UNITED STATES
SECURITIES AND EXCHANGE COMMISSION
WASHINGTON, DC 20549
FORM 8-K
CURRENT REPORT
Pursuant to Section 13 or 15(d) of The
Securities Exchange Act of 1934
Date of report (Date of earliest event reported) December 20, 2012
Radian Group Inc.
(Exact Name of Registrant as Specified in Its Charter)
Delaware
(State or Other Jurisdiction of Incorporation)
1-11356 | 23-2691170 | |
(Commission File Number) |
(IRS Employer Identification No.) | |
1601 Market Street, Philadelphia, Pennsylvania | 19103 | |
(Address of Principal Executive Offices) | (Zip Code) |
(215) 231 - 1000
(Registrants Telephone Number, Including Area Code)
(Former Name or Former Address, if Changed Since Last Report)
Check the appropriate box below if the Form 8-K filing is intended to simultaneously satisfy the filing obligation of the registrant under any of the following provisions (see General Instruction A.2. below):
¨ | Written communications pursuant to Rule 425 under the Securities Act (17 CFR 230.425) |
¨ | Soliciting material pursuant to Rule 14a-12 under the Exchange Act (17 CFR 240.14a-12) |
¨ | Pre-commencement communications pursuant to Rule 14d-2(b) under the Exchange Act (17 CFR 240.14d-2(b)) |
¨ | Pre-commencement communications pursuant to Rule 13e-4(c) under the Exchange Act (17 CFR 240.13e-4(c)) |
Item 1.01. | Entry Into a Definitive Material Agreement. |
On December 20, 2012, Freddie Mac agreed to extend its conditional approval of Radian Mortgage Assurance Inc. (RMAI), a wholly owned subsidiary of Radian Guaranty Inc. (Radian Guaranty), as a limited mortgage insurer (a Limited Insurer) for an additional one year period that will expire on December 31, 2013 (the Amended Approval).
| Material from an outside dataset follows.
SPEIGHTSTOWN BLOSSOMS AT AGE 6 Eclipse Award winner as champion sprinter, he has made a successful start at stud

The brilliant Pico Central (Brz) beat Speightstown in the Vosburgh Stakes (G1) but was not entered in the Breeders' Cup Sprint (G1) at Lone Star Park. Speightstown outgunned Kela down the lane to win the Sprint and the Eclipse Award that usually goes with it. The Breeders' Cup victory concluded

As previously disclosed, on February 28, 2012, Freddie Mac conditionally approved our use of RMAI as a Limited Insurer to write business in certain states (the RBC States) in the event Radian Guaranty fails to comply with the applicable states risk-based capital requirements and Radian Guaranty has not been granted a waiver or other similar relief from such risk-based capital requirements after trying in good faith to obtain such relief (the Original Approval). Under the Original Approval, RMAI currently is eligible to write business in New York, Ohio, Iowa, Kansas and, subject to certain conditions, Oregon, with the approvals for the remaining RBC states to be evaluated by Freddie Mac when and if such approvals may be required. By its terms, the Original Approval was scheduled to expire on December 31, 2012.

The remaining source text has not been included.